#### WORK INSTRUCTIONS
In the material below, the lines between the one holding "Despre acest articol: Cutie" and the one holding "コンセントもない、悪天候で太", inclusive, are to be set down word for word. Pictures stay out.

#### RECORDED INFORMATION

BEGIN

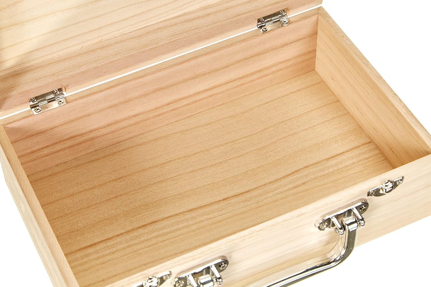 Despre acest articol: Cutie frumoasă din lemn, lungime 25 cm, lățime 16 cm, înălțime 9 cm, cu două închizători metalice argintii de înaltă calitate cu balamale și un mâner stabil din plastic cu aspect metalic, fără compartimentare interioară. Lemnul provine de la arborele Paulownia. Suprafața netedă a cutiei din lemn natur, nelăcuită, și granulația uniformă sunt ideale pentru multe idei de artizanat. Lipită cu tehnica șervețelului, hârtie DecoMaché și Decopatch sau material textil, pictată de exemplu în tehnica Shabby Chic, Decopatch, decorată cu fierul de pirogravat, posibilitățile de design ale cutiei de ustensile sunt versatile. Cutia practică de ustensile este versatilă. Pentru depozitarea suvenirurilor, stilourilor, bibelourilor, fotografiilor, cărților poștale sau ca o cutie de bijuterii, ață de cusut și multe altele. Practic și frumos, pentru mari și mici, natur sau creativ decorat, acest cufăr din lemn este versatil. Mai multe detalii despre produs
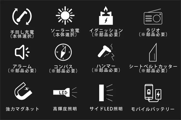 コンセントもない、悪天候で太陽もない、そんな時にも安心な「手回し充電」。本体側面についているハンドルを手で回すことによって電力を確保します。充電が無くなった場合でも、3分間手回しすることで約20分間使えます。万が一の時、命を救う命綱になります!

END
BEGIN

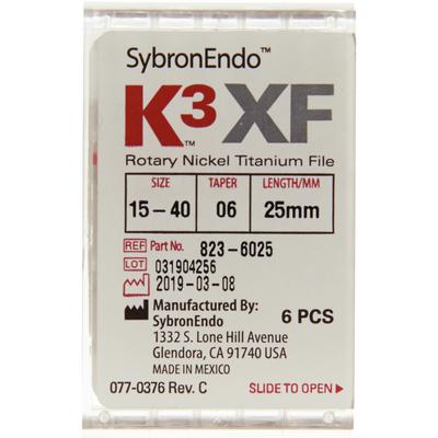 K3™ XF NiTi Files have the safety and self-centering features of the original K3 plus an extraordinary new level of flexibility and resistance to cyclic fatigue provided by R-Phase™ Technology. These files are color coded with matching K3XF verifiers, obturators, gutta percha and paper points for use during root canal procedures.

END

#### REPLY TO THE TASK
 Despre acest articol: Cutie frumoasă din lemn, lungime 25 cm, lățime 16 cm, înălțime 9 cm, cu două închizători metalice argintii de înaltă calitate cu balamale și un mâner stabil din plastic cu aspect metalic, fără compartimentare interioară. Lemnul provine de la arborele Paulownia. Suprafața netedă a cutiei din lemn natur, nelăcuită, și granulația uniformă sunt ideale pentru multe idei de artizanat. Lipită cu tehnica șervețelului, hârtie DecoMaché și Decopatch sau material textil, pictată de exemplu în tehnica Shabby Chic, Decopatch, decorată cu fierul de pirogravat, posibilitățile de design ale cutiei de ustensile sunt versatile. Cutia practică de ustensile este versatilă. Pentru depozitarea suvenirurilor, stilourilor, bibelourilor, fotografiilor, cărților poștale sau ca o cutie de bijuterii, ață de cusut și multe altele. Practic și frumos, pentru mari și mici, natur sau creativ decorat, acest cufăr din lemn este versatil. Mai multe detalii despre produs
 コンセントもない、悪天候で太陽もない、そんな時にも安心な「手回し充電」。本体側面についているハンドルを手で回すことによって電力を確保します。充電が無くなった場合でも、3分間手回しすることで約20分間使えます。万が一の時、命を救う命綱になります!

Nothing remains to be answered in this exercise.